Serena Korda (born 1979) is a British visual artist. She has made work across a number of disciplines including performance, sculpture, ceramics and public art. Her work is interactive and encourages people to explore everyday rituals found from histories and conversations with one another. She encourages her audience to interact and be involved in creating these shared experiences that would usually be passed by.

== Early life ==
Serena Korda was born in 1979 in London, England. She studied at Middlesex University, and received her Master of Arts degree in Printmaking from the Royal College of Art, RCA, in 2009. While attending the RCA, Korda won the Deutsche Bank Art Award (2009).

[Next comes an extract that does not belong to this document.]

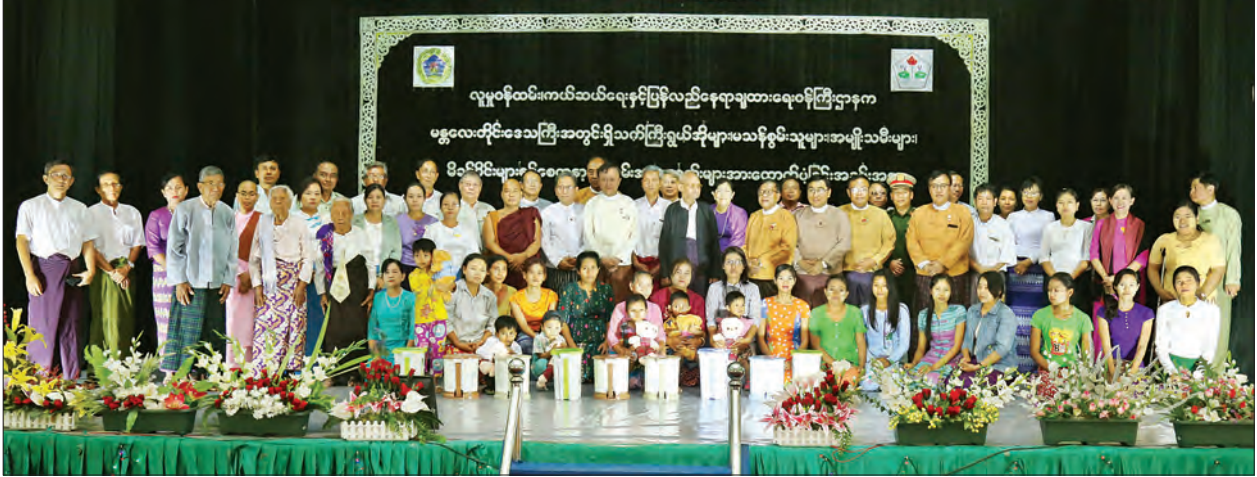
ပြည်ထောင်စုဝန်ကြီး ဒေါက်တာ ဝင်းမြတ်အေးနှင့်အဖွဲ့ အခမ်းအနားသို့ တက်ရောက်လာကြသူများနှင့်အတူ စုပေါင်းမှတ်တမ်းတင် ဓာတ်ပုံရိုက်စဉ်။ သတင်းစဉ်

မန္တလေးတိုင်းဒေသကြီးအတွင်းရှိ မသန် စွမ်းသူများ၊ သက်ကြီးရွယ်အိုများ၊ မိခင် ပိုင်းများ၊ စေတနာ့ဝန်ထမ်းအဖွဲ့အစည်း များအား ထောက်ပံ့ငွေပေးအပ်ခြင်းနှင့် တိုင်းလူငယ်ရေးရာကော်မတီအဖွဲ့ဝင်များ အပါအဝင် မန္တလေးတိုင်းဒေသကြီး အတွင်းရှိ လူငယ်အဖွဲ့အစည်းများအား တွေ့ဆုံဆွေးနွေးခြင်းကို ယနေ့မွန်းလွဲပိုင်း က ကျင်းပခဲ့ကြောင်း သိရသည်။ အခမ်းအနားတွင် လူမှုဝန်ထမ်း၊ ကယ်ဆယ်ရေးနှင့် ပြန်လည်နေရာချထား ရေးဝန်ကြီးဌာန ပြည်ထောင်စုဝန်ကြီး ဒေါက်တာဝင်းမြတ်အေးက အမှာစကား ပြောကြားသည်။
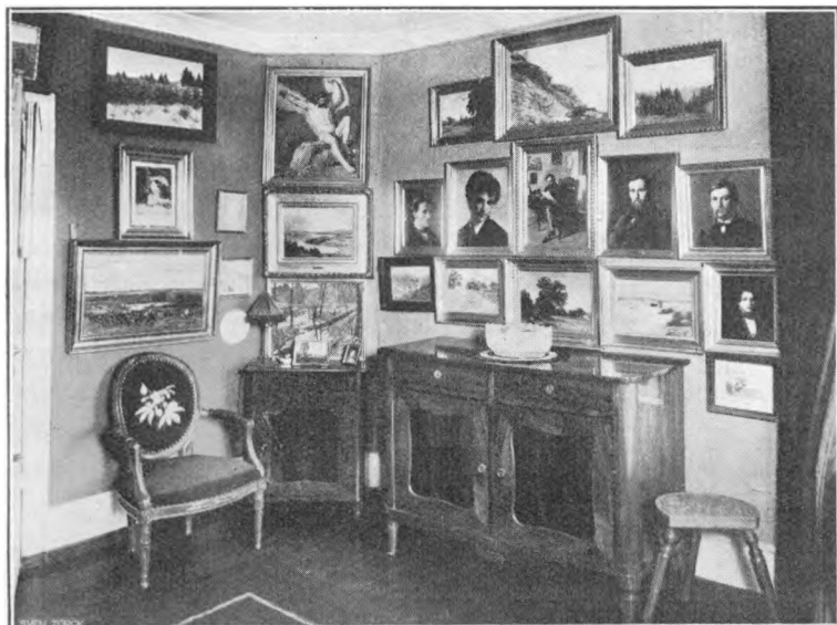
Interiør fra Skjold la Cours Stue.

Og som hans Hjem var, saadan var han selv: beskeden og fin. Han var stiltfærdig i Færd og hurtig i Tanke. Han talte aldrig om sine egne Fortjenester, og vilde vi andre, som stod ham nær, tale om dem, saa slog han det hen.

==Exhibitions and commissions==
Korda's 2008 work The Answer Lies at the End of the Line: was commissioned by London's Art on the Underground and presented in London's Stanmore tube station. The work used banners to invite travellers to solve a puzzle, in reference to the 57 Turing Bombes located in Stanmore during World War II.

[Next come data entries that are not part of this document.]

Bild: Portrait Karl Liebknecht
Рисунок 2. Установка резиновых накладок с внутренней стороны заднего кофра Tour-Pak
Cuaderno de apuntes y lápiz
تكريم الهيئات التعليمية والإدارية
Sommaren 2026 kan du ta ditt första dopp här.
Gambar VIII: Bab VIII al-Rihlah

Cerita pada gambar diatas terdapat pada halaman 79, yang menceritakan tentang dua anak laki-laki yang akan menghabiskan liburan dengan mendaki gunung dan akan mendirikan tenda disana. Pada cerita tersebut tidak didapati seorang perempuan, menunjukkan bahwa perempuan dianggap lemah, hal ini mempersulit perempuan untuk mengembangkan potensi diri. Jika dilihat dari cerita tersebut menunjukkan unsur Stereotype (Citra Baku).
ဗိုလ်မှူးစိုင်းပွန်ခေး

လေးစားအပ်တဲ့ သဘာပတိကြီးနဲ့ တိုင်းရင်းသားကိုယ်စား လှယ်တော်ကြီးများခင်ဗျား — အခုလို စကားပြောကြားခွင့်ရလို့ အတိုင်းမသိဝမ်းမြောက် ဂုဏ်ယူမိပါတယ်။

In 2011, Korda was commissioned by the Wellcome Collection to create Laid to Rest, as part of the exhibition Dirt: the filthy reality of everyday life. The work employed five hundred handmade bricks, mixed with a variety of substances including human skin and gorilla fur.

In 2013, Korda exhibited her work Aping the Beast at the Camden Arts Centre and Grundy Art Gallery, Blackpool. The first performance as part of Aping the Beast included a ritual performed by 25 local school children dressed as ‘Boggarts’ – characters from Lancashire folklore. The performance was accompanied by live music from Grumbling Fur.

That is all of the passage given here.